Data in this exercise:
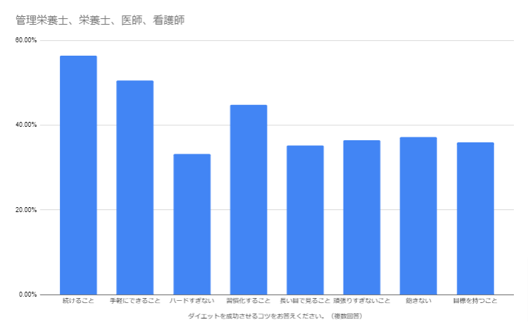 ・専門家のダイエット成功者のコツは「続けること」56.42%
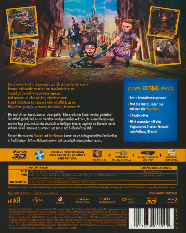 Enthält: Erste Animationssequenzen; Mut zur Kiste: Hinter den Kulissen der Boxtrolls; 5 Featurettes; Filmkommentare;
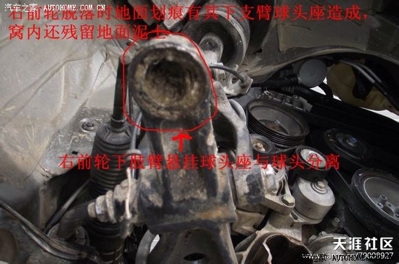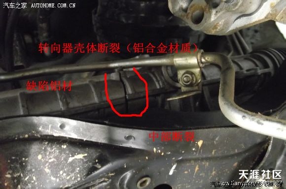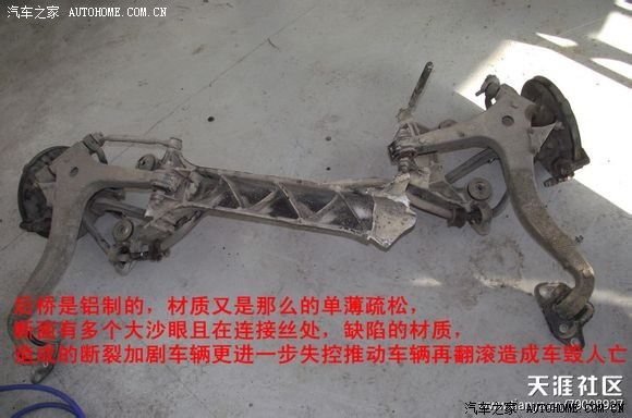 这起事故不单纯是右前轮脱落,左前轮铝悬架球头也轻易脱落,轿车转向器铝合金壳体中部断裂,发动机铝合金机架连接机脚纵向断裂,铝合金后桥支撑大梁粉碎性断裂(断面多处呈现大沙眼
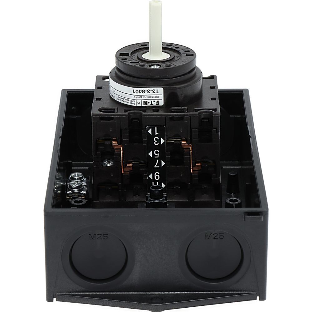This is 3P 3 Position 60° 690V ac 32A Short Actuator manufactured by Eaton. The manufacturer part number is 207188 T3-3-8401/I2. The given dimensions of the product include 181 x 100 x 127mm. The product is available in surface mount configuration. It also carries 32a maximum current. The product eaton moeller series t3, is a highly preferred choice for users. It has a throw angle 60°. It has a maximum 690v ac voltage . Its accurate length is 181mm. The product carries possible position value of 3. Furthermore, the product is 100mm wide. The product comes in 127mm depth. The product carries short actuator. Its electrical phase configuration includes 3. The normal state configuration includes no/nc. It has 3p pole and throw configuration. The terminal is a screw type.
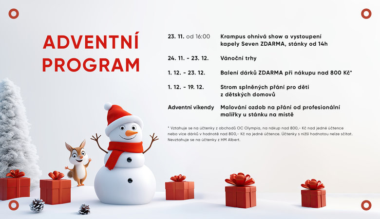 Vánoce se blíží rychlostí saní tažených soby! Připravili jsme pro vás sváteční program plný zábavy, radosti a vánočních kouzel, který vás naladí na tu pravou sváteční notu. ![]()
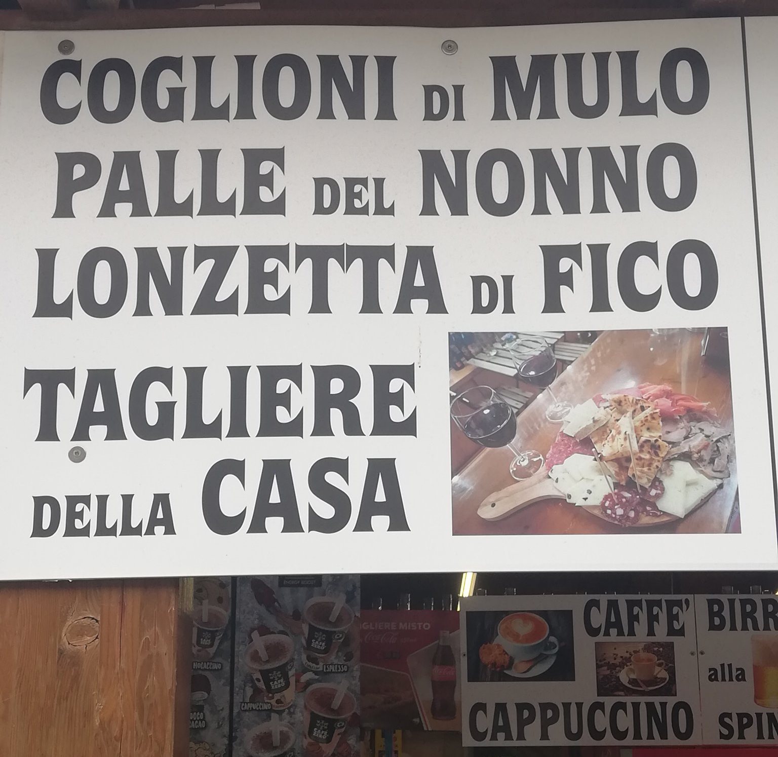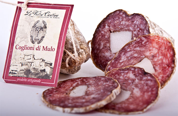 COGLIONI DI MULO: questo insaccato (un salame di maiale con un cilindro compatto di lardo) è originario della zona di Campotosto (Abruzzo), e il nome ha un’origine simile alla precedente: la forma ricorda i grossi testicoli di un mulo. E’ noto anche come “mortadella di Campotosto” e ha oltre 500 anni di storia.
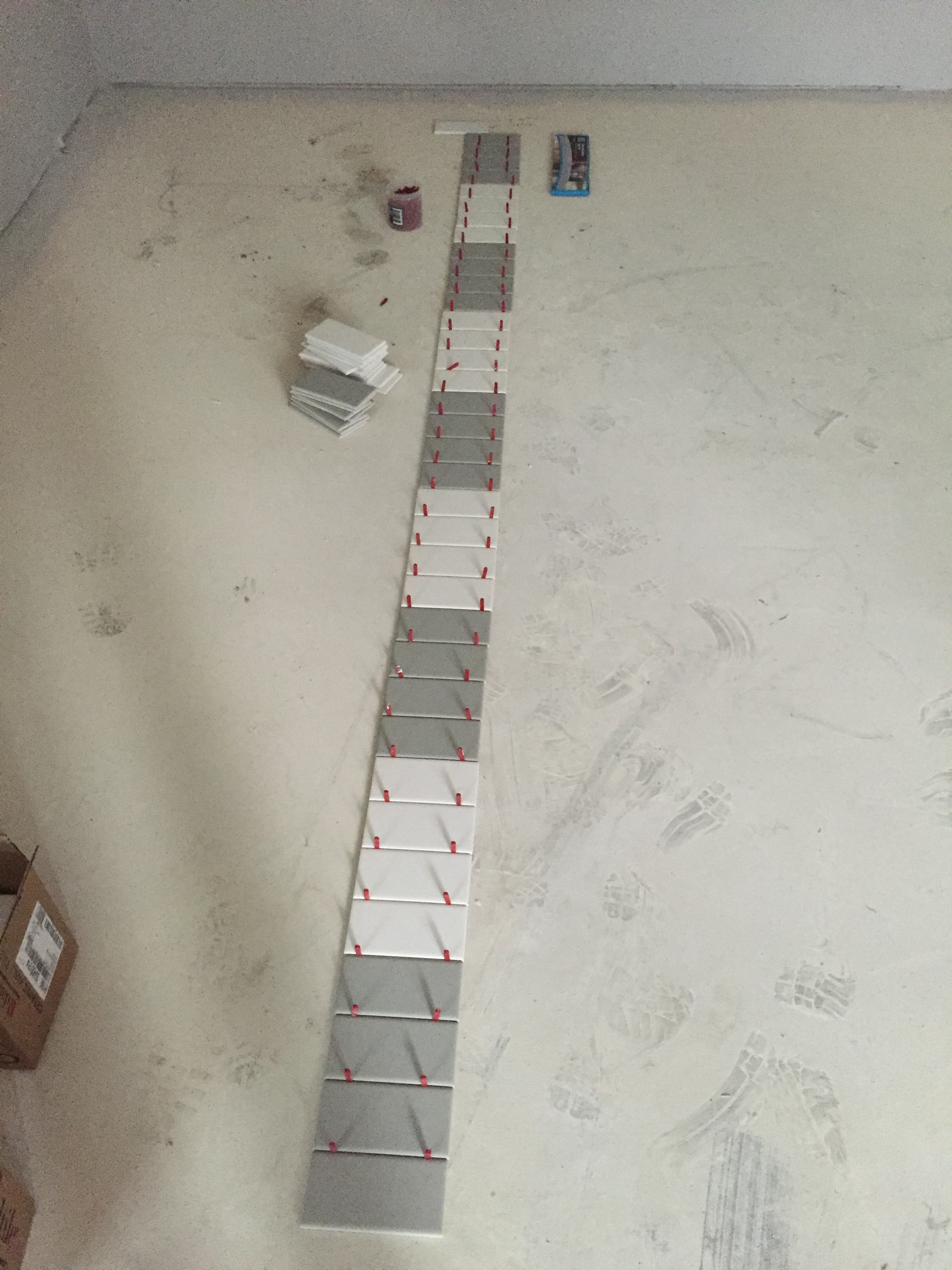2016-02-13 11.46.01 Published February 14, 2016 at 2448 × 3264 in Week 36: Millwork & Tile Prep « Previous Next » The guest bathroom’s shower will have stripes of gray and white all the way around it.
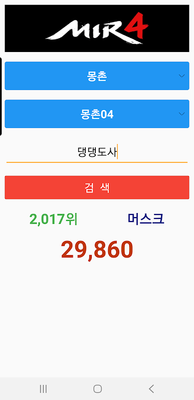 해당 서버 캐릭터명을 입력하여 랭킹 순위 및 전투력을 조회합니다.
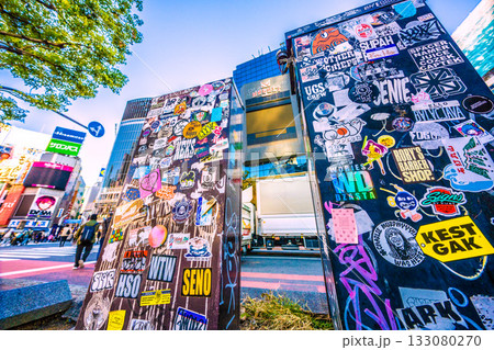 日本の東京都市景観剥がされたシール…早くも2枚目…。早朝の渋谷、幸福な時間…人影は少ない=8時11分
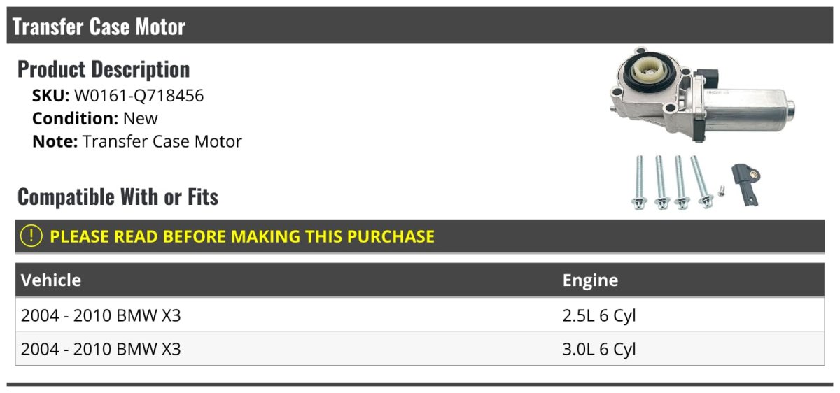 - Transfer Case Motor For 2004-2010 Bmw X3 2 5l 3 0l
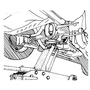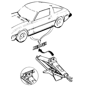 Vehicles covered by this manual were factory-equipped with a scissors jack. This jack is used by positioning it under a jacking point on the side sill, then turning the screw to raise/lower the vehicle. Specific instructions for the use of this jack, including the jacking points, are found in the owner's manual (and often on stickers attached to the jack or in the luggage compartment). Although this type of jack is suitable for tire changing, you might need a better jack for maintenance.
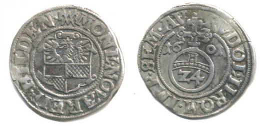 Groš (1/24 Tolaru) 1601 s tit.Rudolfa II., Sa.4011/2145_č.ned.

Task statement: Print exactly the lines above that run from the one with "日本の東京都市景観剥がされた" down to the one with "- Transfer Case", and omit the pictures.

Result of the exercise:
 日本の東京都市景観剥がされたシール…早くも2枚目…。早朝の渋谷、幸福な時間…人影は少ない=8時11分
 - Transfer Case Motor For 2004-2010 Bmw X3 2 5l 3 0l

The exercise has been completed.